Material shown ::

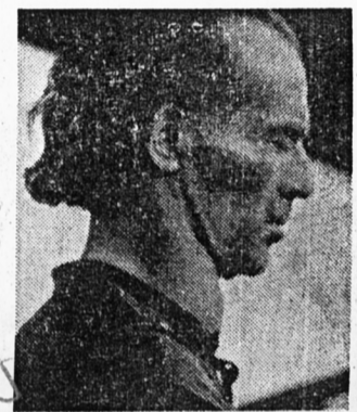
Diese Aufnahme von Bruno Gröning wurde 1949 gemacht, als er von einem Fenster des „Traberhofes“ aus zu der blutenden, hoffenden und harrenden Menschenmasse sprach, die Heilung von ihm erliefte.

In großen Personenwagen mit angehängten Wohnwagen trafen Zigeuner oder solche, Bruno Gröning 1949 auf dem Traberhof
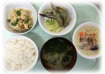
カルシウムたっぷりシシャモは、 磯部揚げで骨まで美味しく
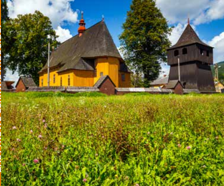
Kościół w Chomranicach

Kościół pw. Imienia Najświętszej Marii Panny w Chomranicach powstał w latach 1691-1692. Warto zwrócić uwagę na polichromię ornamentalną z 1767 r. w zakrystii. Wyposażenie kościoła to ołtarze rokokowe z XVIII w., barokowa ambona oraz kamienna chrzcielnica z XVIII w. Ołtarz główny zdo-
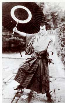
254(「仁俠二刀流」マキノ、1927[昭2]年)

Task statement ::
Extract every line of the data exactly; pictures stay out.

Task answer ::
Diese Aufnahme von Bruno Gröning wurde 1949 gemacht, als er von einem Fenster des „Traberhofes“ aus zu der blutenden, hoffenden und harrenden Menschenmasse sprach, die Heilung von ihm erliefte.

In großen Personenwagen mit angehängten Wohnwagen trafen Zigeuner oder solche, Bruno Gröning 1949 auf dem Traberhof
カルシウムたっぷりシシャモは、 磯部揚げで骨まで美味しく
Kościół w Chomranicach

Kościół pw. Imienia Najświętszej Marii Panny w Chomranicach powstał w latach 1691-1692. Warto zwrócić uwagę na polichromię ornamentalną z 1767 r. w zakrystii. Wyposażenie kościoła to ołtarze rokokowe z XVIII w., barokowa ambona oraz kamienna chrzcielnica z XVIII w. Ołtarz główny zdo-
254(「仁俠二刀流」マキノ、1927[昭2]年)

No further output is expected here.